Criticism of the targeted killings inside and outside Israel had also made it necessary to justify each one, disclosing details of the victims’ misdeeds to establish that Israel had sufficient cause to respond. Gradually, what had once been considered highly damaging—acknowledging
responsibility for an assassination—eventually became official policy.
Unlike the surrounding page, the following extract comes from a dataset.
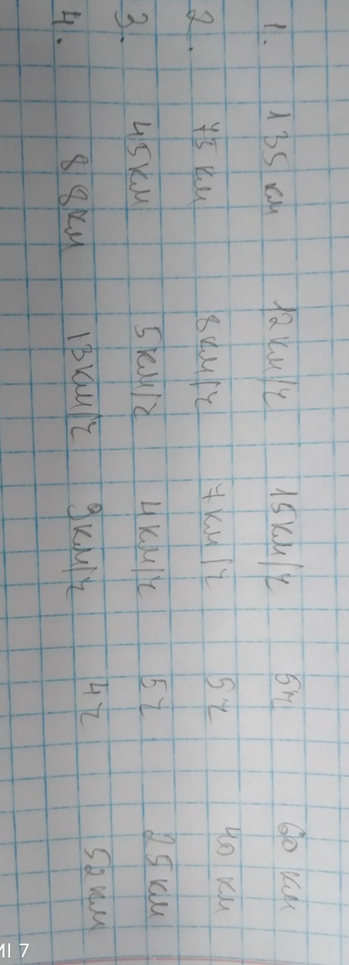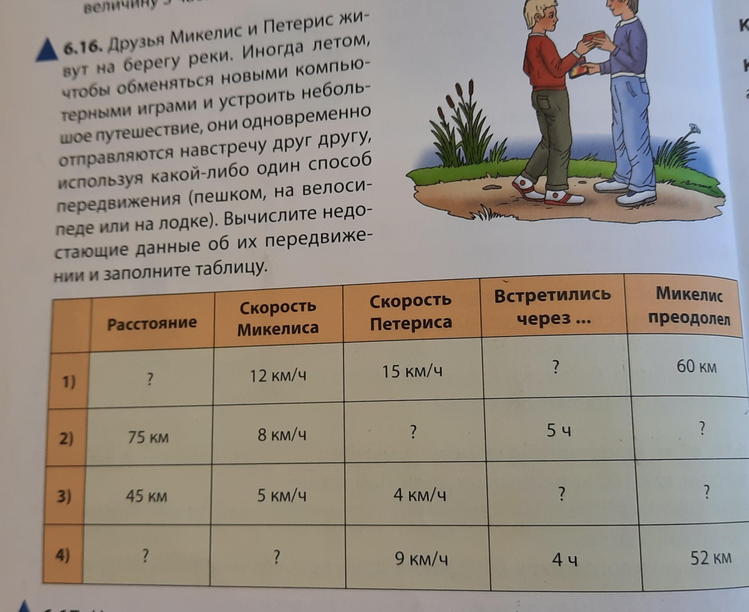 6.16. Друзья Микелис и Петерис жи- вут на берегу реки. Иногда летом, чтобы обменяться новыми компью- терными играми и устроить неболь- шое путешествие, они одновременно отправляются навстречу друг другу, используя какой-либо один способ передвижения (пешком, на велоси- педе или на лодке). Вычислите недо- стающие данные об их передвиже- нии и заполните таблицу. 1) 2) 3) B 4) Расстояние ? 75 км 45 км ? Скорость Микелиса 12 км/ч 8 км/ч 5 км/ч ? Скорость Петериса 15 км/ч ? 4 км/ч 9 км/ч Х.Б Встретились через.. ? 5 ч ? 4 ч ... Микелис преодолел 60 км ? ? 52 км

“Continuing to try not to take responsibility would have been ridiculous,” Dov Weissglass explained. “Minutes after a hit, the Palestinians would be taking fragments of a missile bearing the name of an Israeli company out of the car. More than that, we wanted a deterrent effect. Every buzz in the sky over Gaza and you’d see thousands fleeing in all directions. They never had a minute’s peace. The population of Gaza reached a state where anything that contained electronic radiation, from a cellphone to a toaster, looked to them like something that could attract Israeli missiles. Absolute panic.”
The IDF began putting out statements after each hit. Simultaneously, the Shin Bet, which until the start of the intifada had been extremely reluctant to maintain contacts with the media, distributed excerpts of the relevant Red Page—summaries of material about the dead man’s actions—to various news outlets. Israel was now completely rearranging its communications policy—fighting, in effect, a propaganda war.
Explaining, even highlighting, what had long been state secrets required new language and new euphemisms. “Intifada,” with its overtones of a popular uprising, for instance, was replaced with “war of suicide bombers.” The deaths of innocent civilians during an assassination operation became known as nezek agavi—“accidental damage”—which, over time, became the acronym NAZA.
“ ‘Assassination’ or ‘elimination’ or ‘killing’ or—perish the thought—‘murder’ were all very jarring, not appropriate for us to use,” said a senior official in the prime minister’s office. “So we looked around for terms that are one step removed, free of emotion, sterile, which expressed the evil that we were trying to prevent by doing what we did.” At first they used “PAAMON,” which means “bell” but also is an acronym for “preventive action,” but that wasn’t catchy enough. After that, a few more proposals were discarded, including the code words long used by the intelligence community, like “negative treatment.” Finally, they picked the term sikul memukad—Hebrew for “targeted preventive acts.” The phrase, which in Hebrew has a kind of high-tech, clean sound to it, communicated everything that the defense establishment wanted to signal to the outside world.